Does Laertes put poison on his foil before the contest starts? No. One would think his belief and pride in his fencing skill would cause him to, at least, try to bring it off without poison. Despite his supposed skill, he fails to hit Hamlet but Hamlet hits him twice and proves a much better fencer than Claudius and Laertes believed. Hamlet's chance, therefore, of avoiding the poisoned point has improved but it has not been eliminated. He is just a harder target to hit.
At this point Claudius offers the poisoned cup to Hamlet but he refuses it and is likely to continue to refuse it. Reason: Hamlet is scoring easily and would believe he will make his five hits quickly and get it over and done with. Hamlet: "Come for the third, Laertes. You but dally." He has been in continuous training and is not tired nor in need of a drink.

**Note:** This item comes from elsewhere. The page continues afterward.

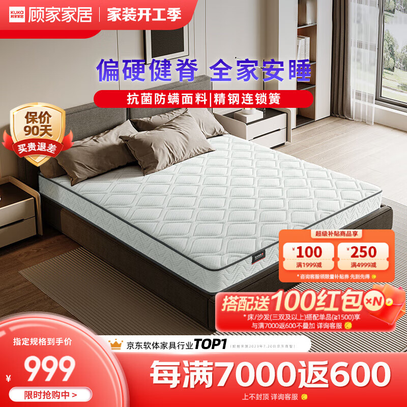 顾家家居(KUKA)抑菌防螨整网弹簧海绵床垫1.5x2米M0085A价格:999.00元!

Claudius: Our son shall win.Claudius, who is obviously a good judge of fencers, is doubtful Laertes can do it. Apparently Laertes, despite saying he will get a hit, appears to be as pessimistic as Claudius that he can do it, otherwise why the need to put poison on his sword at this early stage, in which he need make just the one killing hit before Hamlet scores three more hits. Putting poison on his foil is evidence of Laertes failure as a swordsman. With no confidence to make a killing hit, he just hopes for a fluke in that his sword might scratch Hamlet somewhere, drawn blood, and so transfer the poison. During the next pass Laertes gets his fluke when he nicks Hamlet, probably on the hand, but certainly remote enough from the heart that it takes half an hour, or so, for Hamlet to become affected and die. Even this shows Laertes failure as a swordsman. He would have tried to score a hit, i.e., stab Hamlet in the body, but was unable to penetrate Hamlet's parries. In the scuffle they swap swords. Laertes now knows that Hamlet has the unbated poisoned sword and, realising his mortal danger, would have fought like a demon to get a hit to bring a temporary halt in the contest, that he might ask for a drink, change his foil and otherwise create sufficient delay that the poison would begin to overwhelm Hamlet. But no! He can't get a hit. And then Hamlet hits him for the third time, but this time, because of the unbated weapon, the hit is mortal. The poison on the sword is not a factor in Laertes's demise, the sword thrust is all it takes. He falls and is dead within a minute:
Laertes: Here I lie, never to rise again.Even in this very last encounter Hamlet further proves his superiority over Laertes. The poisoned nick Laertes inflicted on Hamlet must therefore be considered as an accidental touch that might just as easily have missed. Had the fencing match been a genuine contest Hamlet would have won easily.
In the course of the fencing contest, Hamlet fulfils the revenge condition that his father's ghost requested of him. Hamlet actually kills Claudius whilst he is at gaming (i.e. Claudius has a wager on Hamlet).